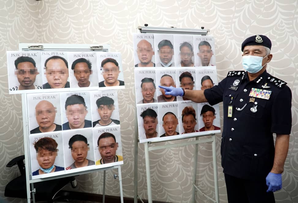 Suspek berusia lingkungan 20 tahun hingga 46 tahun itu ditahan dalam serbuan antara pukul 7 pagi hingga 4 petang oleh sepasukan pegawai dan anggota dari Bahagian Risikan/Operasi, Jabatan Siasatan Jenayah Komersil Bukit Aman.
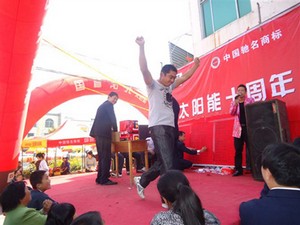 本次抄底行动,在国普公司区域负责人周玉庆经理的精心组织策划下和高桥总代理李善华经理的大力配合下,厂商互动,通力合作,创造了单个乡镇单场活动销售50台的佳绩。国普太阳能在沂水高桥经营了已经有九年的时间,国普品牌早已是家喻户晓,国普太阳能以过硬的产品质量,和当地代理商李善华经理良好的信誉和完善的售后服务使本次活动具有良好的群众基础,又恰逢国普太阳能公司十周年庆典,公司为本次活动设置了优厚的奖品,所以老百姓购机情绪异常高涨!
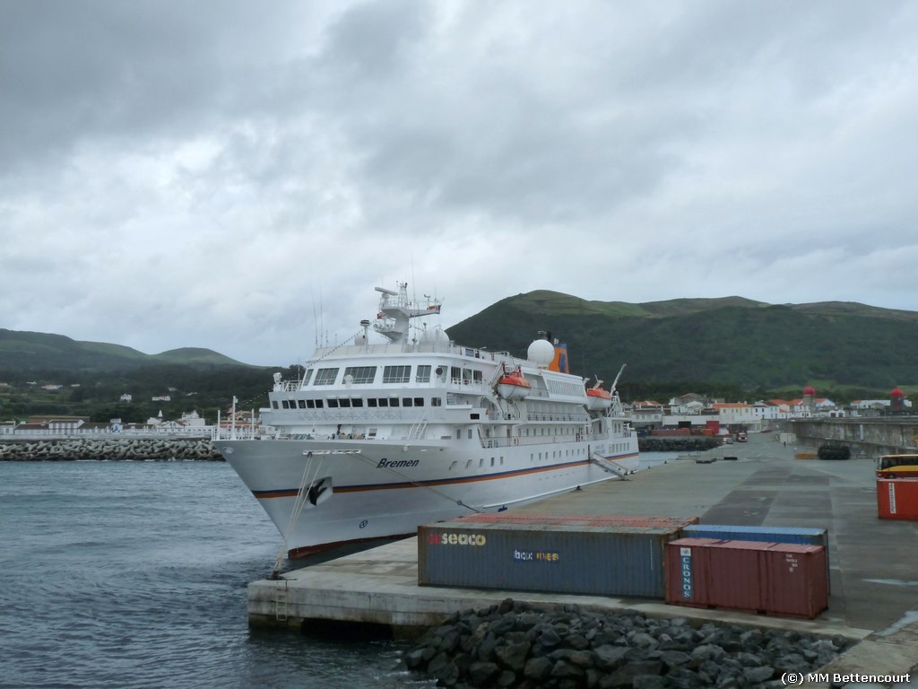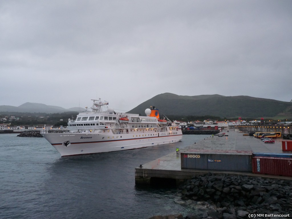 O porto da Graciosa, recebeu hoje, com a maior satisfação a escala do bonito e luxuoso, navio de cruzeiros “Bremen”, navio da companhia alemã Hapag Lloyd Cruises, que está a realizar um cruzeiro temático aos Açores, intitulado “Em cada Ilha um Paraíso”. O navio que efectua hoje a sua estreia na Graciosa, deu entrada pelas 8:10 horas e tem a saída prevista para as 17 horas, transportando 141 cruzeiristas e 104 tripulantes. A Todos,Votos de uma Agradável estadia!
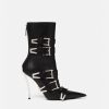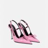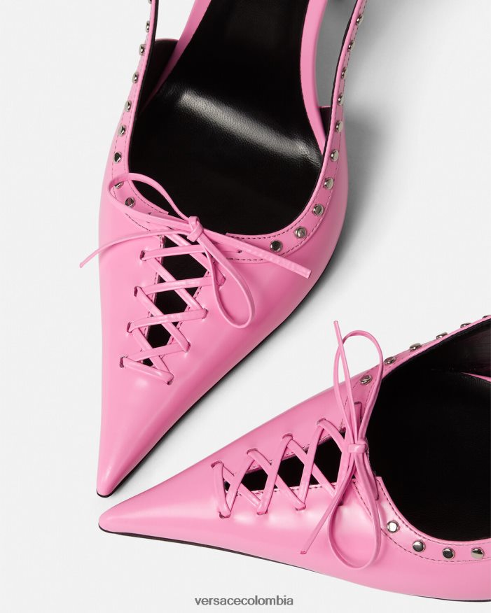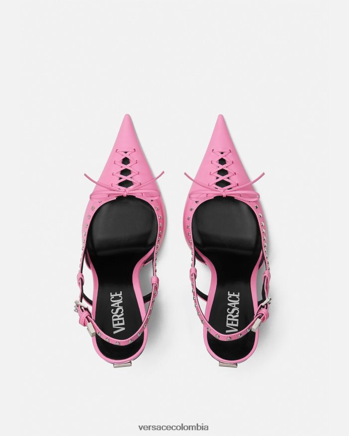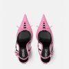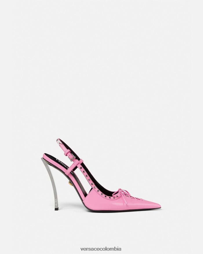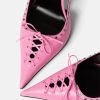 Estos zapatos de tacón de cuero con tira trasera se caracterizan por tener tacones de aguja altos y curvos. Con puntera puntiaguda, están acentuados por tachuelas y detalles de cordones en la parte superior.
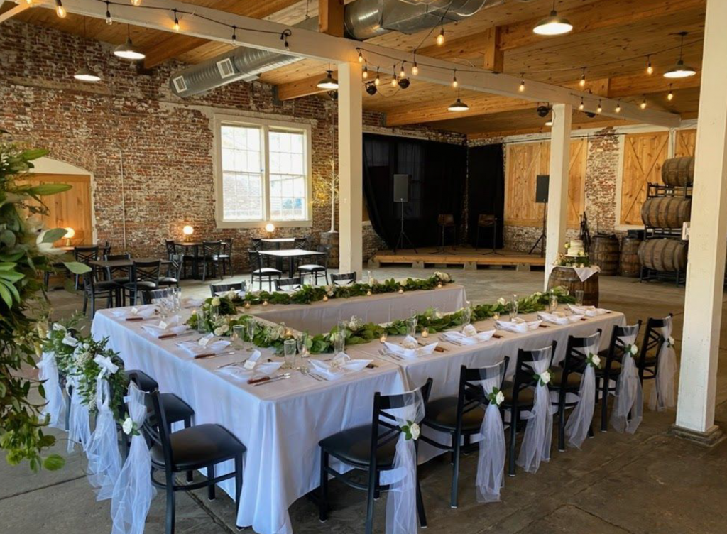 Although the building is old, it has been newly renovated and modernized with a focus on 1920s art deco style with mosaic tiles and large glass garage doors. The โTap Roomโ, perfect for weddings, has a rustic feel with barrels, string lights and old brick.
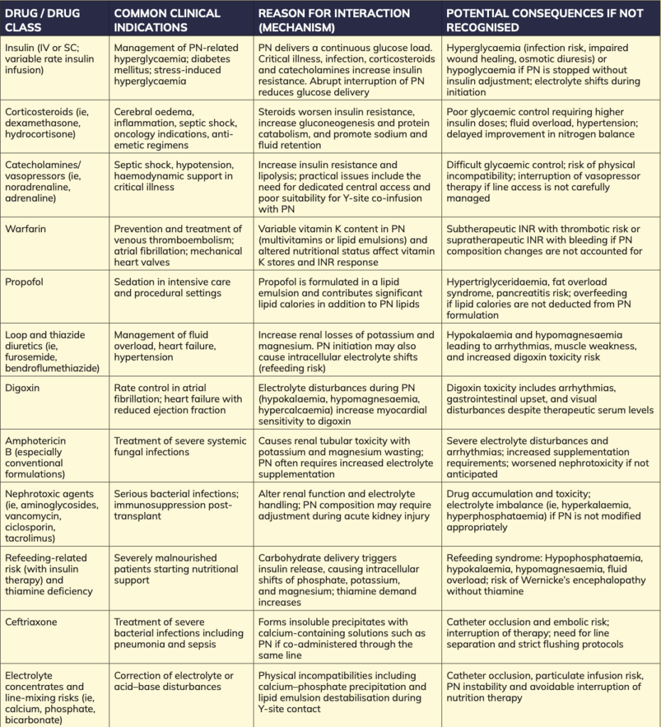 Table 2 highlights drug interactions commonly encountered during parenteral nutrition. It includes typical indications for each drug, the mechanism of interaction with PN, and the potential clinical consequences if not recognised.
::::::::::
**Exercise directions**.
In the records above, find the line containing "Estos zapatos de" and restate it and every line after it word for word, all pictures excluded.

**Solution for this task**.
 Estos zapatos de tacón de cuero con tira trasera se caracterizan por tener tacones de aguja altos y curvos. Con puntera puntiaguda, están acentuados por tachuelas y detalles de cordones en la parte superior.
 Although the building is old, it has been newly renovated and modernized with a focus on 1920s art deco style with mosaic tiles and large glass garage doors. The โTap Roomโ, perfect for weddings, has a rustic feel with barrels, string lights and old brick.
 Table 2 highlights drug interactions commonly encountered during parenteral nutrition. It includes typical indications for each drug, the mechanism of interaction with PN, and the potential clinical consequences if not recognised.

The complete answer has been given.